## [Exercise goal]
Each line in the material below, starting at the one with "- basebranch같아도 fast-forward" and ending at the one with "Indulge in exquisite", is to be reproduced exactly; no picture is to be copied.

## [Extracted material]
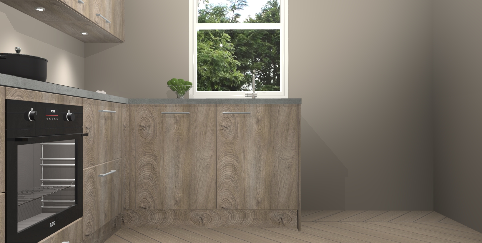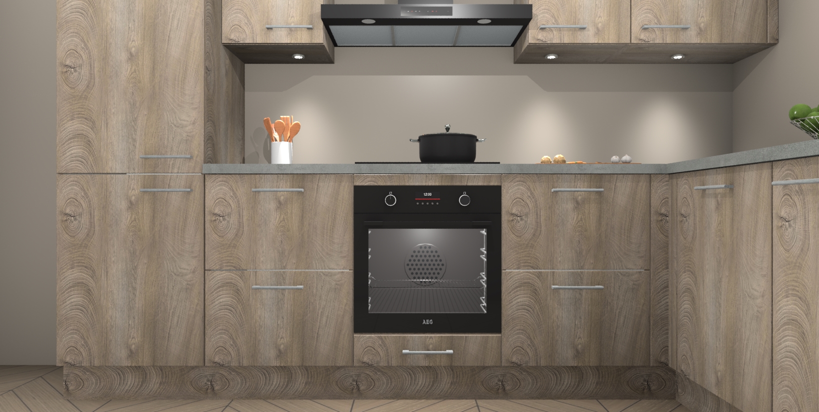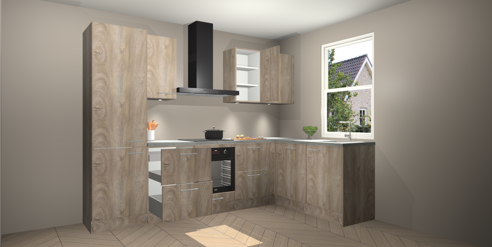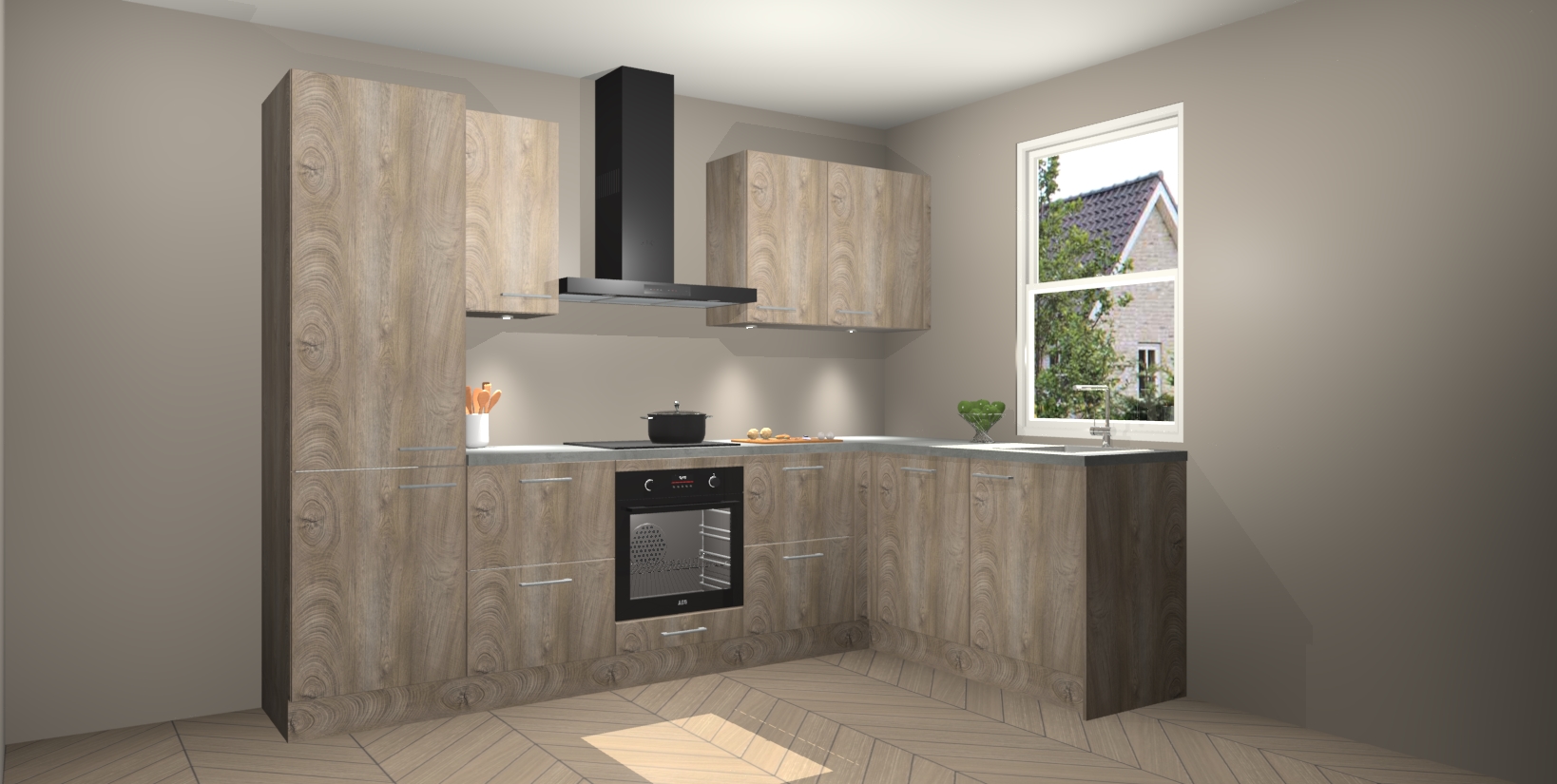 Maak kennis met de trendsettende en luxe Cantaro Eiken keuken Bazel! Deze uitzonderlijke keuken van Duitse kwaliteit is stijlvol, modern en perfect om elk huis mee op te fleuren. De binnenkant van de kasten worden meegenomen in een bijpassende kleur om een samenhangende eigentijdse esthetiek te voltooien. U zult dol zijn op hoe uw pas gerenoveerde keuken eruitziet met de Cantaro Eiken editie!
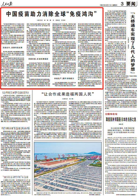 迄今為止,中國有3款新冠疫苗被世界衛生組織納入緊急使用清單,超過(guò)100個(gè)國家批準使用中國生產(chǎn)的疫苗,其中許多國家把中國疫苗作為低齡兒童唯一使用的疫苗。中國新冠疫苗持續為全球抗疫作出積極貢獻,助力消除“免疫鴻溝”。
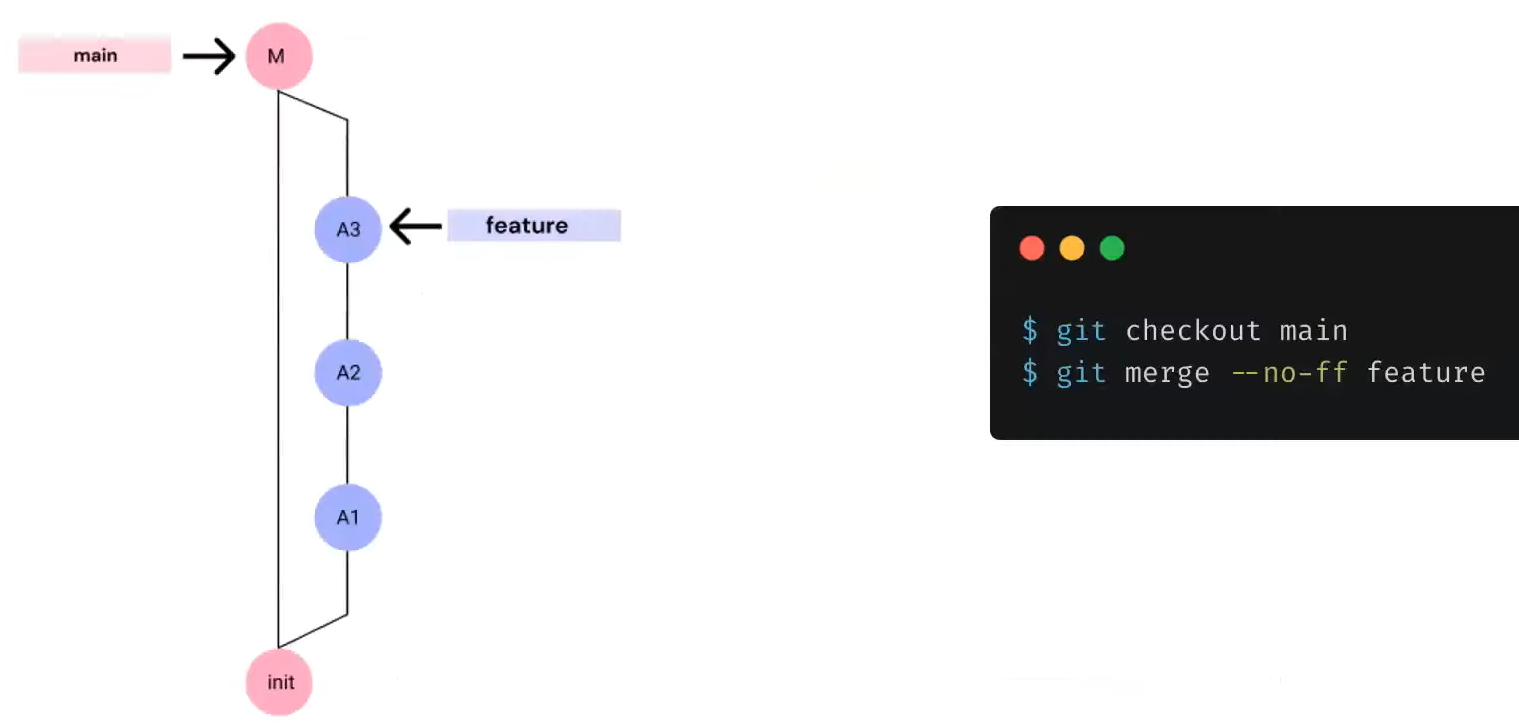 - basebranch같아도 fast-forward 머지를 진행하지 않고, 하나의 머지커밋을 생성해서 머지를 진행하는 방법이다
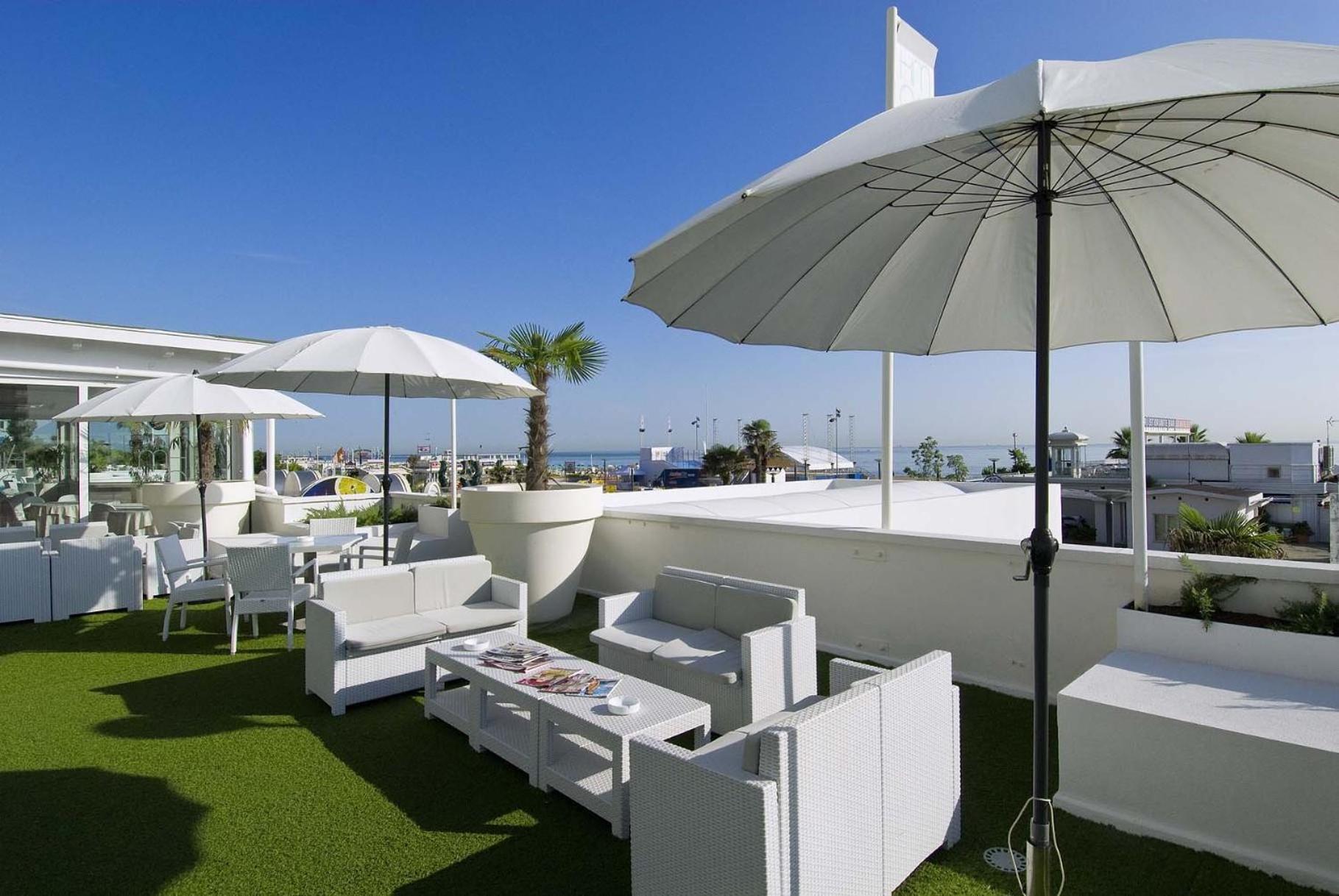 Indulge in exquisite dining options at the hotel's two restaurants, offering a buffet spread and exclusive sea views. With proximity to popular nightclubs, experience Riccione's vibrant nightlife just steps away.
...
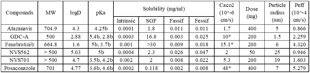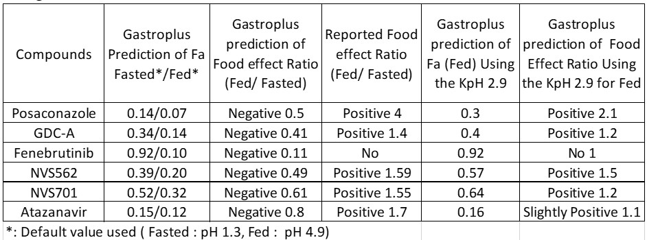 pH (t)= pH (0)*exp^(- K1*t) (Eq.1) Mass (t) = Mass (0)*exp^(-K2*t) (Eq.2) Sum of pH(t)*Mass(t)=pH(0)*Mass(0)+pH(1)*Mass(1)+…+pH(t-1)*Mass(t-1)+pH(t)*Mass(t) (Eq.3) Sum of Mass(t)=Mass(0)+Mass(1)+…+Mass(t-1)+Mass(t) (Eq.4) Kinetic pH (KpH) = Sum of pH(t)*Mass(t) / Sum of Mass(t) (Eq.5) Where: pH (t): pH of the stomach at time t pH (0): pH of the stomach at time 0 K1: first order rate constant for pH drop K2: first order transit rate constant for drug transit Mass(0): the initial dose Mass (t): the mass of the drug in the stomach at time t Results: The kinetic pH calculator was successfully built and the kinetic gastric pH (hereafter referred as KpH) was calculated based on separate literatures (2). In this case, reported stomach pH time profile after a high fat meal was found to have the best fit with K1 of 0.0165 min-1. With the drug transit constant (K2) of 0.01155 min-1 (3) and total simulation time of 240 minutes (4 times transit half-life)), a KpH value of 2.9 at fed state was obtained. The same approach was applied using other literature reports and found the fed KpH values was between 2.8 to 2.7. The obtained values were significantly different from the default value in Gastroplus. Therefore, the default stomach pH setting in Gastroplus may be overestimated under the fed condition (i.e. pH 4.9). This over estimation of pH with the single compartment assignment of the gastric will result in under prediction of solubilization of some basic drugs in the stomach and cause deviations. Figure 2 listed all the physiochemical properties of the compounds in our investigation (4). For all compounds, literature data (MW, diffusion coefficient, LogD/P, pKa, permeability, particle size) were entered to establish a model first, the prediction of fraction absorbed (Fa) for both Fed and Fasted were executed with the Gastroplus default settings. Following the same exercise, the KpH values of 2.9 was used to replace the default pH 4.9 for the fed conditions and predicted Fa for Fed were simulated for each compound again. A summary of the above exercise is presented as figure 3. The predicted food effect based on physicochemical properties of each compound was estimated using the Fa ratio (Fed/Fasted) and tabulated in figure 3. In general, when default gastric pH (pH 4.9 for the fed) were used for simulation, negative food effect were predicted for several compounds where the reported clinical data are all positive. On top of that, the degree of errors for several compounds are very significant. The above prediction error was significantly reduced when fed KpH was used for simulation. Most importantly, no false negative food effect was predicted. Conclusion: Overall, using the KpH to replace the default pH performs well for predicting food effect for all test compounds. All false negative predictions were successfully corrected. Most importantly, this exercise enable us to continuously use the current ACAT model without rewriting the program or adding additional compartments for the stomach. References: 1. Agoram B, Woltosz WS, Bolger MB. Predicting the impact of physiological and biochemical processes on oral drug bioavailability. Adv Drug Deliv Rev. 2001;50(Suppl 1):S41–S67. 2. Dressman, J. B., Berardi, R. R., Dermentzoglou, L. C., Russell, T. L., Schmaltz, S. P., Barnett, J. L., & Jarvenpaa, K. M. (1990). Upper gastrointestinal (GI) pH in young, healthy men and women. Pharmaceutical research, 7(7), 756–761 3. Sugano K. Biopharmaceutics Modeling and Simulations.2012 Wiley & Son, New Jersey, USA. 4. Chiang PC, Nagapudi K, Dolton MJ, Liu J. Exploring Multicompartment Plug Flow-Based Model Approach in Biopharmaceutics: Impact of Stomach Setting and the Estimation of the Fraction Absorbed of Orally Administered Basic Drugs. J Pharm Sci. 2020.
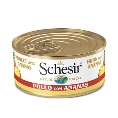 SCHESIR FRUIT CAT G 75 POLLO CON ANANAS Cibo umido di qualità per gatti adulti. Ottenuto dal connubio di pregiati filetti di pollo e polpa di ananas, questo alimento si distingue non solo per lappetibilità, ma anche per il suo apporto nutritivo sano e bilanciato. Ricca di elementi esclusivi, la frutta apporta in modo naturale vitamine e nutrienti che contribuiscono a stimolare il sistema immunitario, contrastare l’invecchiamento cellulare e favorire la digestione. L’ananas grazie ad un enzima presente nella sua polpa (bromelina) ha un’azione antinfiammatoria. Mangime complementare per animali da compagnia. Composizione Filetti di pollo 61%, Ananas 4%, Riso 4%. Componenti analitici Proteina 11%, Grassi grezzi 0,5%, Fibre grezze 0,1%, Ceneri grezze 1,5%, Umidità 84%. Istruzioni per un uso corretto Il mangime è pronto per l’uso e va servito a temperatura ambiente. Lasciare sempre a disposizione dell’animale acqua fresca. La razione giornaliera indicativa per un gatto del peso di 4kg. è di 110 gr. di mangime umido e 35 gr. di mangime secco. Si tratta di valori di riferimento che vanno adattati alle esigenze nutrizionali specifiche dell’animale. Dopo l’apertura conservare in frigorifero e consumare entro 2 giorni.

## [Your response]
 - basebranch같아도 fast-forward 머지를 진행하지 않고, 하나의 머지커밋을 생성해서 머지를 진행하는 방법이다
 Indulge in exquisite dining options at the hotel's two restaurants, offering a buffet spread and exclusive sea views. With proximity to popular nightclubs, experience Riccione's vibrant nightlife just steps away.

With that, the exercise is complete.